В вихре времени Глава 40

Глава сороковая

У Саньки ёкнуло сердце — письмо из Петербурга. Наконец, хоть кто-то вспомнил про него. В последний месяц было скучно. Как уехал товарищ Бухарин, так время словно застыло на месте: бесконечные уроки для рабочих, ничего не понимающих ни в математике, ни в марксизме; ревнивая Варька и тоскливая пьянка за кружкой пива в трактире. Даже новость, что Елагина арестовали — не радовала, да и просидел-то он всего два дня.
Санька быстро поднялся к себе в комнату и зажёг керосиновую лампу. Письмо было от Силы: звал на собрание большевиков. В открытую Моховой не мог такое написать, но "встреча" и "большие люди" могли означать только это. "А не туда ли отправился товарищ Сивцов? Вот гад, а меня не позвал, хотя знал, что я давно мечтаю съездить в столицу."
По лестнице застучали женские каблучки — Варька возвращалась с работы. Пешков с досадой повернулся к двери.
— Привет, Саша, — Варвара прошла в комнату и поставила тяжёлые сумки на стол. — А от кого письмо? — ревниво спросила она.
— По работе, — буркнул Санька. Варя не поверила и выхватила у него конверт.
— Ты в своём уме? Чего лезешь в мои дела?
— Саша, не ругайся, как подумаю, что у тебя появилась другая, так схожу с ума.
— Ну что, убедилась, что это не от бабы?
— Убедилась, — тихо сказала она, виновато наклоняя голову.
Пешков взял письмо и ещё раз внимательно прочитал. Сила звал не просто так — там затевается что-то масштабное, не то что здесь... Надо ехать. Главное, подать телеграмму Тамаре, пусть встречает, а то он уже подзабыл, как добираться до её дома...

Петербург встретил на удивление ясной погодой. Помня прошлый опыт, Санька оделся теплее, чем в Москве, но ласковое солнце столицы заставило поначалу снять куртку, правда, до первого дуновения невского ветра. Как только местный распорядитель погоды захолодил шею и грудь, Санька тут же напялил куртку обратно, да ещё и поднял воротник.
Тамара ждала у памятника Александру третьему. Заметив его, просияла, но вид у неё был болезненный.
— Привет, восточная красавица, — чмокнул её в щёчку Санька, — чегой-то выглядишь больной? Простудилась?
Тамара неожиданно покраснела от простого вопроса.
— Да, наверное, видишь, какой ветер...
— Да уж... Ты хоть ждала меня?

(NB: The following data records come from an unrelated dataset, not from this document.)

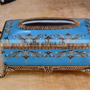 New Design Noble Appliance Blue Ceramic Floral Painting Brass Decorative Tissue Box
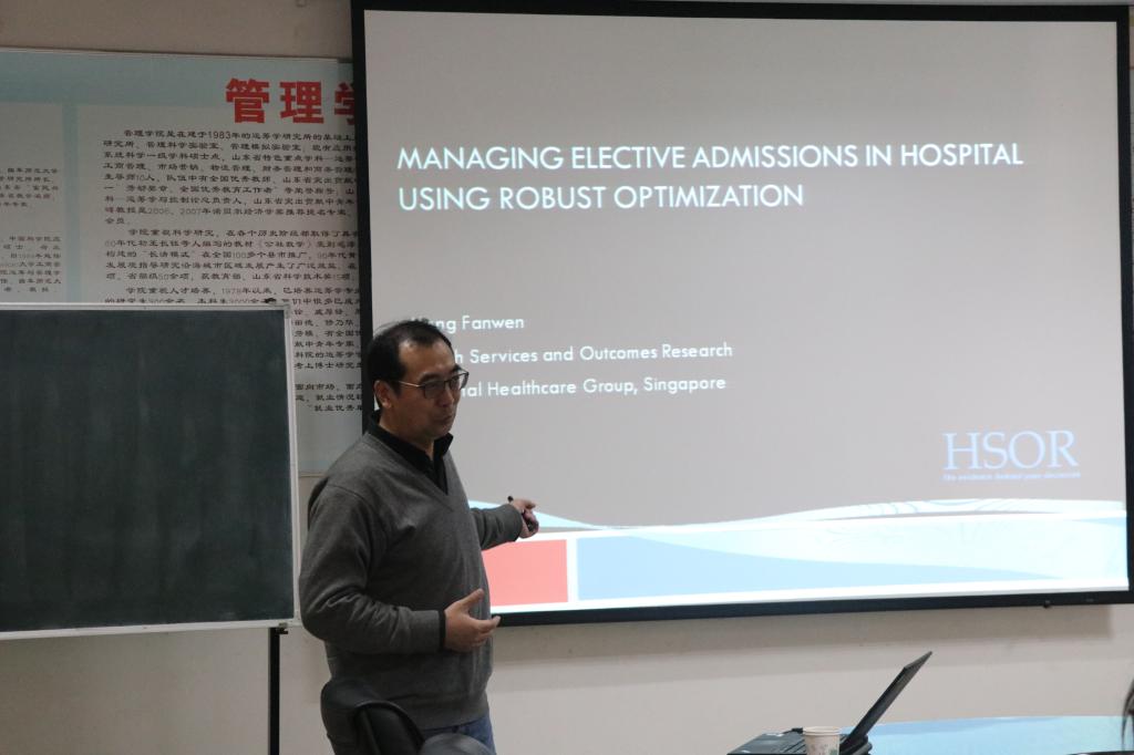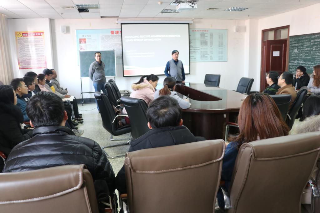 12月4日,应海角社区 邀请,新加坡国立大学博士、新加坡国家卫生部医疗服务与成果研究中心孟凡文教授来海角社区 进行学术交流和访问。下午2点15分-下午3点15分,孟教授在JC819做了题为“Managing Elective Admissions in Hospital Using Robust Optimization”的学术报告。下午4点-下午5点,孟教授做了《如何发表高水平研究论文》的报告。报告会由张玉忠教授主持,学院部分教师、博士生和硕士生聆听了本场报告。
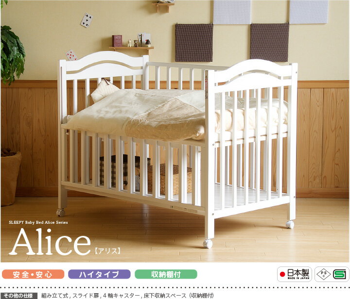 日本製ベビーベッド「NEW アリス WH(ホワイト)【B品】」 ハイタイプ 石崎家具
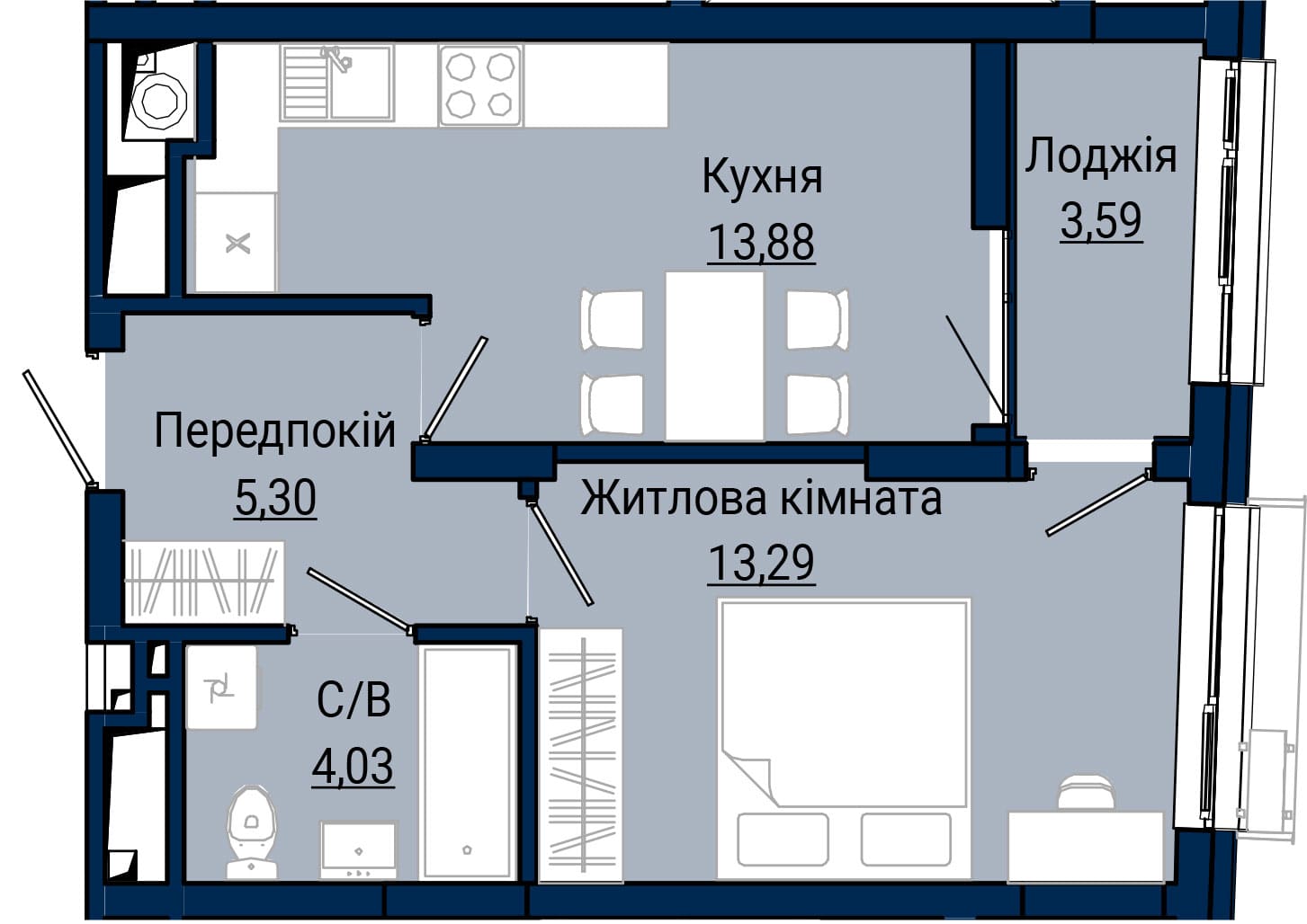 1-кімнатна, №13
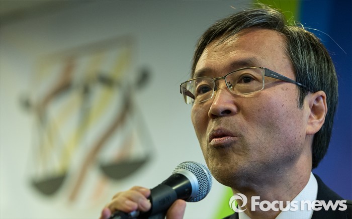 (서울=포커스뉴스) 19일 오후 서울 중구 프레스센터에서 열린 법조언론인클럽 신년회 겸 시상식에서 올해의 법조인상을 받은 김용직 변호사가 소감을 밝히고 있다.
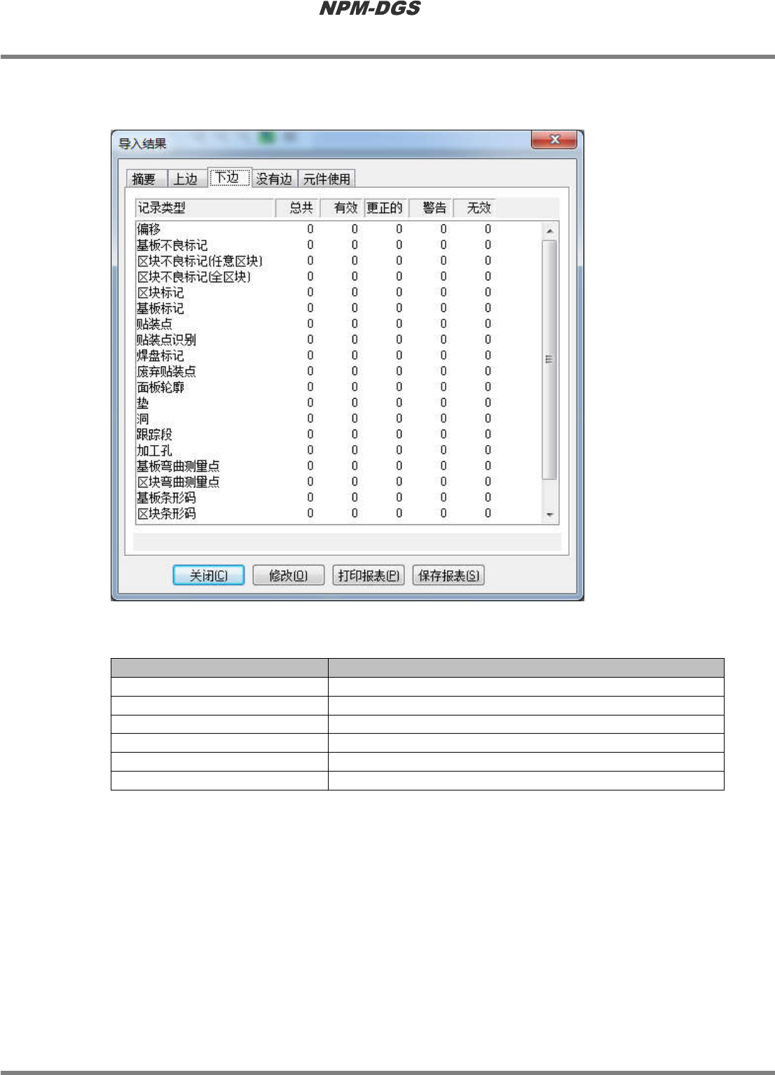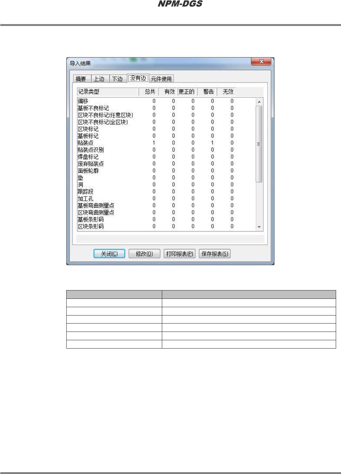程序手册 5.3 CAD/BOM 文件的导入 Page 5-94 EJS9AC-MB-05P-20 ③ 反面标签 只显示基板反面的记录。 n 显示项目 项目 说明 ‘ 记录类型 ’ 显示导入中的 CAD 宏的所有记录类型 。 ‘ 总共 ’ 显示各记录类型当中的 记录的合计。 ‘ 有效 ’ 显示各记录类型当中的 有效记录的合计。 ‘ 更正的 ’ 显示各记录类型当中的 被正确修改的记录的合计。 ‘ 警告 ’ 显示各记录类型当中的 警告记…
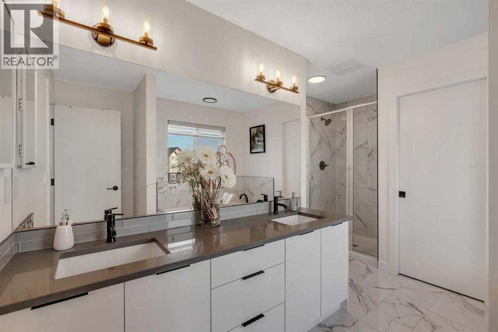 Welcome to this exceptional 6-bedroom, 4-bathroom estate—with a highly desirable main floor bedroom and full bathroom—ideally located on a premium 6,500 sq ft lot with direct access to the serene Bayside canal. Positioned within one of Airdrie's most sought-after neighborhoods, this home masterfully blends refined elegance, contemporary comfort, and luxury, offering an unparalleled lifestyle of sophistication and tranquility.As you approach, you’ll be drawn to the home’s exceptional curb appeal, complete with a triple car garage that balances prestige with practicality. Step inside, and you’ll be greeted by an expansive, open-concept floor plan filled with high-end finishes and thoughtful upgrades.The main level features a stunning living room with a stone-accented fireplace, creating a cozy ambiance for family gatherings. The spacious dining area offers unobstructed views of the canal, providing the perfect backdrop for elegant entertaining. The chef-inspired kitchen is a showstopper, outfitted with built-in premium appliances, a gas range with a hood fan, a large island, ample pantry storage, and a convenient garbage disposal. A main-level bedroom/office and a full 3-piece bathroom add to the home’s functionality, along with a mudroom for added convenience.Upstairs, you’ll find three generously sized bedrooms, two full bathrooms, and a spacious bonus room with views of the nearby playground—a perfect setting for family movie nights. The master suite is truly a retreat, featuring a large walk-in closet and a luxurious 5-piece ensuite with dual sinks, a deep soaker tub, a private water closet, and its own private balcony overlooking the serene canal.The fully finished walkout basement is an entertainer’s dream. With two additional bedrooms, a full bathroom, and a lavish wet bar, this expansive recreation room offers endless possibilities. Large windows allow for an abundance of natural light while providing uninterrupted views of the canal, creating a peacef ul setting for both lively gatherings and quiet nights in.Outside, the private backyard oasis awaits, offering direct access to the canal. It is the perfect spot for relaxing mornings, summer evenings, or year-round family fun.This rare gem offers not just a home, but an elevated lifestyle—a harmonious blend of luxury, tranquility, and natural beauty. Homes of this caliber in Bayside don’t last long—schedule your private showing today and make this dream home yours. (id:6769)
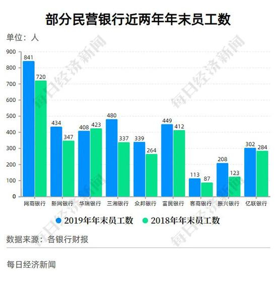 每日经济新闻记者统计梳理了9家民营银行(部分银行数据不全)2019年薪酬和员工数据。
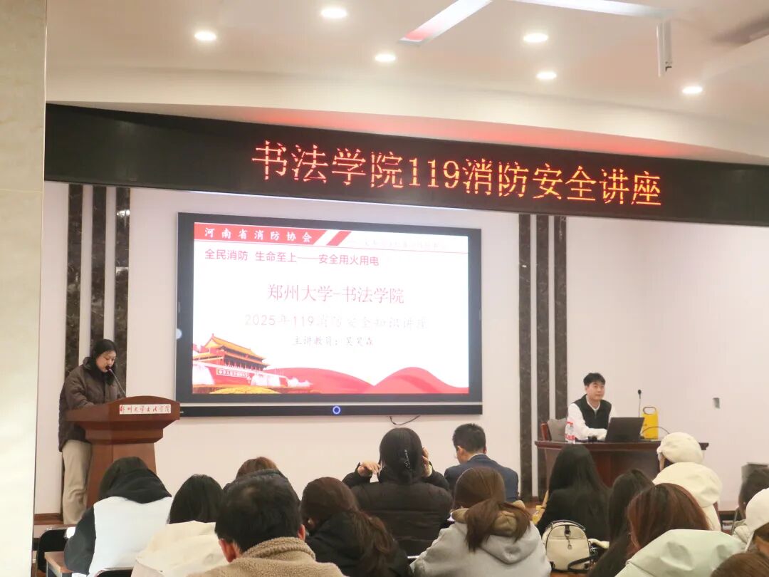 隐患险于明火,防范胜于救灾。正值“119消防宣传月”,为进一步增强学院师生的消防安全素质和抵御灾害的能力,围绕全民消防、生命至上、安全用火用电为主题。2025年11月26日下午三点,郑州大学书法学院联合河南省消防协会义务消防科普宣传服务队,特邀服务队吴昊森教员,开展此次消防安全专项培训及演练活动。书法学院党委书记杨祖轩、全体辅导员老师、部分教职工和2025级全体新生共同参加。
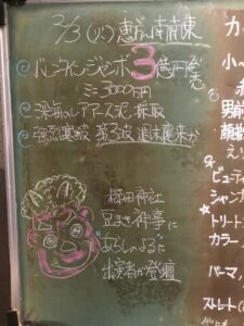 お一人で矢沢永吉さんが来店!?カットしながらサイン欲しいけど色紙ないし、どうしよう?…あっまた来るように仕掛けてみよう!と策を考えながらチョキチョキ…でシャンプーを!ってとこで“水”使えないんだ…と、夢から覚めた‥……今朝でした。正夢か?色紙買っとこ
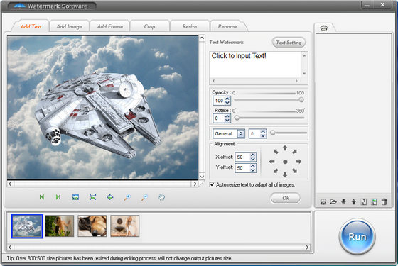Watermark Software - программа для наложения водяных знаков на изображения. С помощью данной программы можно добавлять текст, графику и логотипы на картинки для защиты от копирования. Кроме нанесения водяных знаков, данная программа позволит, добавлять рамки к вашим фотографиям, обрезать фотографии, переименовывать несколько файлов в пакетном режиме, изменять размер изображений и многое другое. Данная программа обладает быстрой обработкой фотографий и имеет поддержку всех популярных графических форматов. Программа имеет приятный и легкий в использовании пользовательский интерфейс.
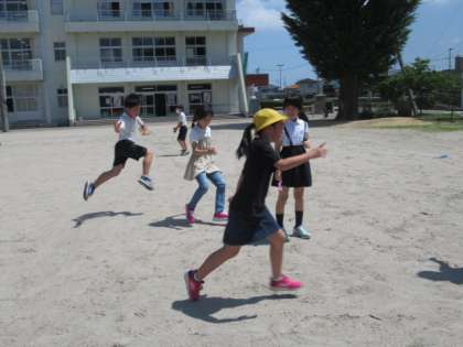 シューイチ係のみんなが、週に1回クラスのみんなで楽しめるゲームを企画してくれます。今日は、かげふみおにをしました。なかよく楽しむことができました。
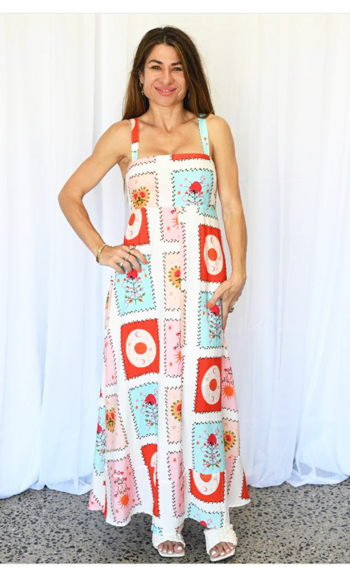 A lovely strapy dress made from a gorgeous lightweight designed fabric that will keep you looking fresh all day long.
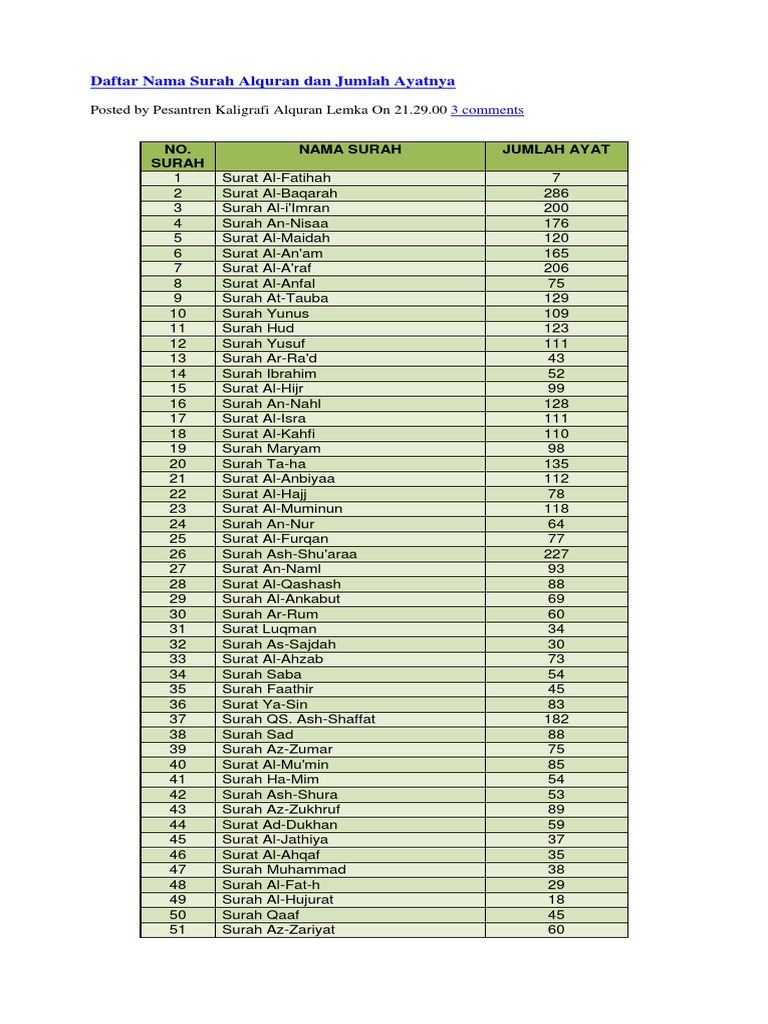 Surah ali 'imran (keluarga imran) 4. Lengkap dengan tafsir dan asbabun nuzul. Artikel yang menyajikan daftar surat dalam al quran dan jumlah ayatnya yang berisi 114 surat dan 6236 ayat, disajikan dalam bentuk tabel sehingga akan memudahkan anda dalam jumlah surat al quran dan ayatnya. > list of suras quran in the voice of abdulrahman al ossi. The quran is divided into surahs (chapters) and further divided into ayahs (verses).

У тебя никто не появился? — ревниво спросил Пешков.
Девушка странно усмехнулась.
— Без тебя никто не появился... Поехали, Саша, вот наш трамвай.
Они снова долго ехали, и Санька не отрываясь смотрел в окно. Петербург не переставал удивлять — уж больно он был не похож на Москву. Иногда казалось, что это и не город вовсе, а берег полноводной реки с гранитными валунами вместо дворцов. Тяжёлые тучи за время поездки успели заползти на солнце, и когда Пешков с Тамарой доехали до нужного дома, Санька уже забыл, что ему здесь показалось теплее, чем в Москве.

В квартире было тихо. Было видно, что Тамара еле сводит концы с концами — в комнате было ознобно, а на столе только чай, хлеб и жалкий кусок колбасы.
— Ты из-за меня что ли никого не подселяла? — догадался он.
Тамара кивнула, глядя на него с любовью.
— Написала бы, я бы помог деньгами. Я ж адрес оставил...
— Саша, я писала, но ты не отвечал. Я думала, ты забыл меня, — тихо сказала девушка.
— Как писала? Я ничего не получал...
И тут он догадался — Варвара... Вот почему она так реагировала на конверт, значит, перехватывала письма. Ну, получит на орехи... Санька порадовался, что у него имелось немного денег.
— Тома, возьми деньги и купи нормальной еды, а я съезжу к товарищам и вернусь вечером. Санька чмокнул девушку и не мешкая отправился к Моховому.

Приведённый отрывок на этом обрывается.